Conduct & Best Practice
- Be kind to other users, don’t run too many jobs at once or fill up the scratch drive.
- Don’t run jobs on the login node, submit them to the cluster with Slurm instead. Also see below section on Login Node Usage Policy and Limits.
- Don’t run serial jobs in the compute partition on Hawk, use the ‘htc’ (high throughput) partition instead – the system will attempt to auto-redirect such jobs if you do submit them, but please try to submit straight to the most appropriate place.
- Sunbird has no HTC partition and its compute partition is for both serial and parallel jobs.
- Only run jobs which need a GPU on the ‘gpu’ partition.
- Only run jobs that need high memory on the ‘highmem’ partition.
- Sunbird has no separate ‘highmem’ partition, all nodes have 8GB per core.
- Use the test/dev partition(s) for testing short runs of your software.
- If you are a member of multiple projects, use the -A option to sbatch to ensure your job is accounted against the right project.
- Try to match your job specification to its actual needs. Don’t request more memory, CPU cores or time than you need.
- If you request exclusive use of a node, make sure you are using all the cores on it – 40 on all Intel machines, 64 on all AMD machines. We have relatively few nodes, each with a lot of cores.
- Make sure that jobs last at least a few minutes. Small jobs add a lot of overhead to the scheduler.
- Use GNU Parallel to combine multiple small jobs into a single larger one. See Batch Submission of Serial Tasks.
- Don’t store data on scratch, it may be deleted after 60 days of non-access.
- Don’t use SCW as a long term data store, home directories aren’t backed up.
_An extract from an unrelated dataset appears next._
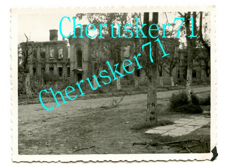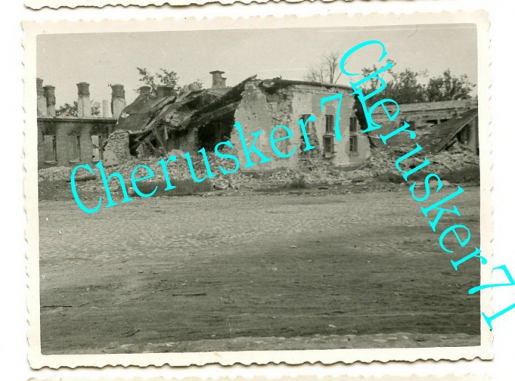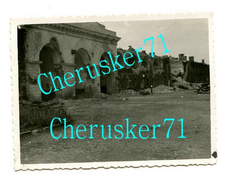 3. Руины комендантского дома (крепостное инженерное управление, иезуитский коллегиум). На переднем плане воронка, а на заднем телега. Не на ней ли труппы в одну из воронок свозились?

If you need a long term data store ask your institution.
- Publish your data and somebody else will store it for you!
- Data sets up to 50 gigabytes can be published via Zenodo.
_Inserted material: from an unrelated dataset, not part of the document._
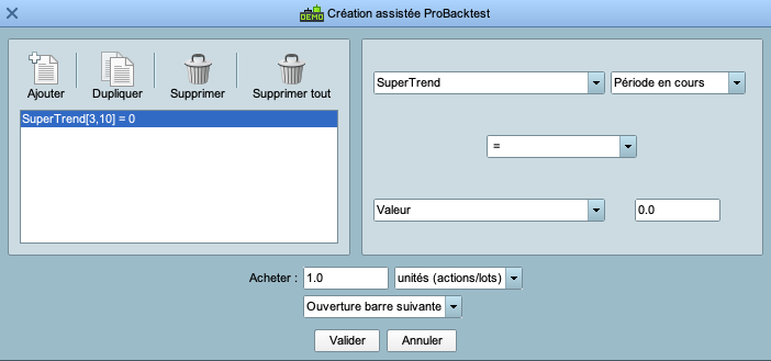 J’essaie de faire un backtest pour tester une stratégie à l’aide de l’assistant création simplifiée , mais je n’arrive pas à indiquer la condition suivante en utilisant le wizzard :

- Data, code and protocols can be submitted for peer review and publication via GigaScience.
- Credit SCW in your publications. See this FAQ item.
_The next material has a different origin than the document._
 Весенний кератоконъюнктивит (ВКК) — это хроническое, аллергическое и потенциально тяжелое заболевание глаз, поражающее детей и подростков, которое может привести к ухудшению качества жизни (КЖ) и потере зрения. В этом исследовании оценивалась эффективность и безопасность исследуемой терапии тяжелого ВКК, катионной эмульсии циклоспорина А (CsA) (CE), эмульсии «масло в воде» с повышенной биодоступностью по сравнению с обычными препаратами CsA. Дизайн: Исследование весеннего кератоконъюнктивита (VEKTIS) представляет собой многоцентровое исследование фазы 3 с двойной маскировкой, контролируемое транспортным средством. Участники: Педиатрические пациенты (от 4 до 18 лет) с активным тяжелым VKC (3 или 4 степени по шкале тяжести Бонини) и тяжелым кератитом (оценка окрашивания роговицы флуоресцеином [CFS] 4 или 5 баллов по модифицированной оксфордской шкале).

- Tell SCW staff if you get a paper published from work which used the system or if you get a grant that will use it funded.
- Be aware of the Message of the Day (displayed at SSH login) and email notifications sent from SCW regarding maintenance outages & at-risk periods, and any system problems.
Login Node Usage Policy
The login nodes of SCW systems are the machines used interactively via login to: hawklogin.cf.ac.uk
hawkloginamd.cf.ac.uk
sunbird.swan.ac.uk
These machines act as the interaction point for all users, from which data & script preparation, job submission, post-processing, etc. are performed.
In contrast to the compute nodes, they are few in number and are shared between all users. As such, one user can negatively impact the experience of many if they use the login nodes inappropriately.
Starting in September 2021, SCW will be implementing additional controls to help prevent login node abuse and ensure fair share of available resources via the enforcement of User Limits with the Arbiter2 system developed at The University of Utah‘s Centre for High Performance Computing.
Login Node User Limits
Each user will be limited to the concurrent use of at most 8 processor cores and 200GB of memory by default.
However, should heavy usage be made of this allocation then the user’s access will be reduced for a penalty period of time.
‘Heavy Usage’ is defined as more than 75% of the allocation for continuous time 3 minutes.
When the penalty time expires, the user allocation will revert back to the prior state. However, a repeated abuse will result in a harsher penalty being applied for a longer period. There are three levels of penalty that an excessive user will be pushed up/down through:
Penalty Level | CPU & Memory Level | Penalty Timeout |
None | 8 processor cores and 200GB memory | NA |
1 | 50% i.e. 4 processor cores and 100GB memory | 3 minutes |
2 | 30% i.e. 2.4 processor cores and 60GB memory | 10 minutes |
3 | 10% i.e. 0.8 processor cores and 20GB memory | 30 minutes |
Should a reformed user re-offend within 3 hours of a penalty, then they will be returned to the penalty level they were previously at. Should a user not re-offend within 3 hours, then their penalty level will be reduced by one.
Note that some tasks that are intended for deployment on login nodes – such as compilers – are whitelisted and do not affect usage measurement.
When a user is moved into a penalty state, the system will email the user to say so. This email will be sent to the on-file email address (typically the user’s institutional email) and will include details of the abuse and penalty being applied. A further email will follow when the penalty is removed.